== EXCERPTED RECORDS ==
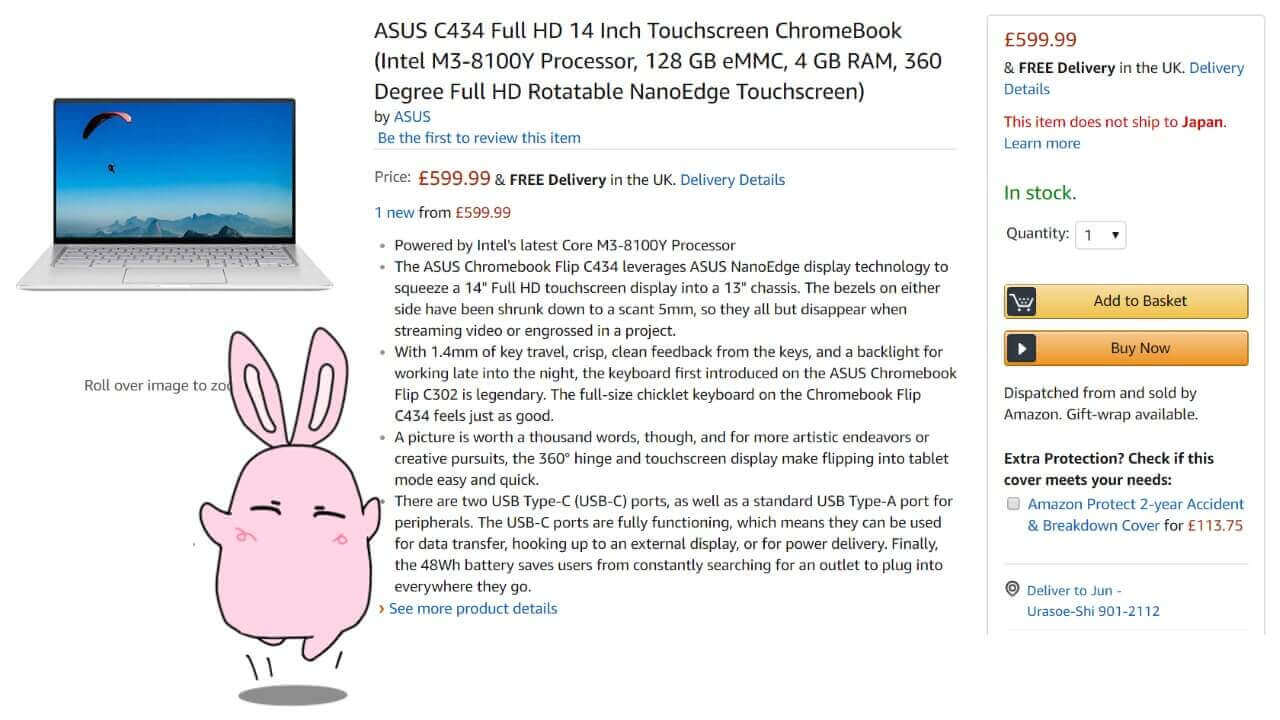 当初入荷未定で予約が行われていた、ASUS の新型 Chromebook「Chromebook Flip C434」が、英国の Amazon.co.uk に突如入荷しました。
===
== EXCERPTED RECORDS ==
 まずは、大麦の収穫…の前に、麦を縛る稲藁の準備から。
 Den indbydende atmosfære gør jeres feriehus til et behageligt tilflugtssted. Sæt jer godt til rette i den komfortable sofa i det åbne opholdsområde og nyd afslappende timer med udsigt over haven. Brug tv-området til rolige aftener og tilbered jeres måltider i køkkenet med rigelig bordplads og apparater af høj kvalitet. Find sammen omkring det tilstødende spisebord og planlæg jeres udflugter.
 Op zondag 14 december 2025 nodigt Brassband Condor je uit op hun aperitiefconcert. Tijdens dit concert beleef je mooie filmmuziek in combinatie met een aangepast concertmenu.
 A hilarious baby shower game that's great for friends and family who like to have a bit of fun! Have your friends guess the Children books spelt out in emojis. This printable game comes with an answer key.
===
== EXCERPTED RECORDS ==
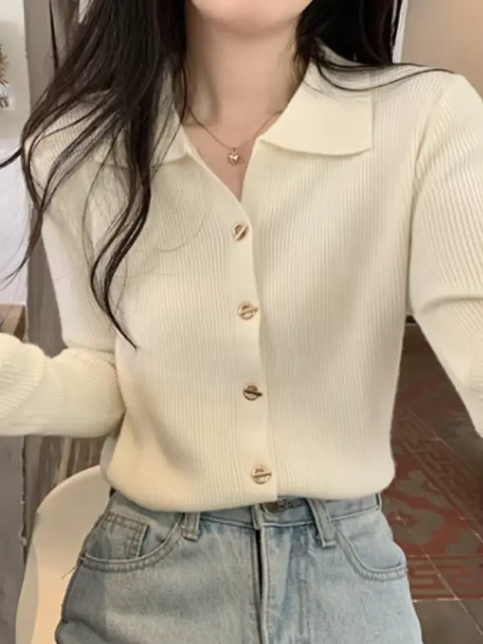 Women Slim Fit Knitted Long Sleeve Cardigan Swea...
===
* TRY IT
The range runs from the line with "まずは、大麦の収穫…の前に、麦を縛る稲藁の準備から。" up to and including the line with "Den indbydende atmosfære" in the listing above; please write out exactly those lines and nothing more.

* FINISHED EXERCISE
 まずは、大麦の収穫…の前に、麦を縛る稲藁の準備から。
 Den indbydende atmosfære gør jeres feriehus til et behageligt tilflugtssted. Sæt jer godt til rette i den komfortable sofa i det åbne opholdsområde og nyd afslappende timer med udsigt over haven. Brug tv-området til rolige aftener og tilbered jeres måltider i køkkenet med rigelig bordplads og apparater af høj kvalitet. Find sammen omkring det tilstødende spisebord og planlæg jeres udflugter.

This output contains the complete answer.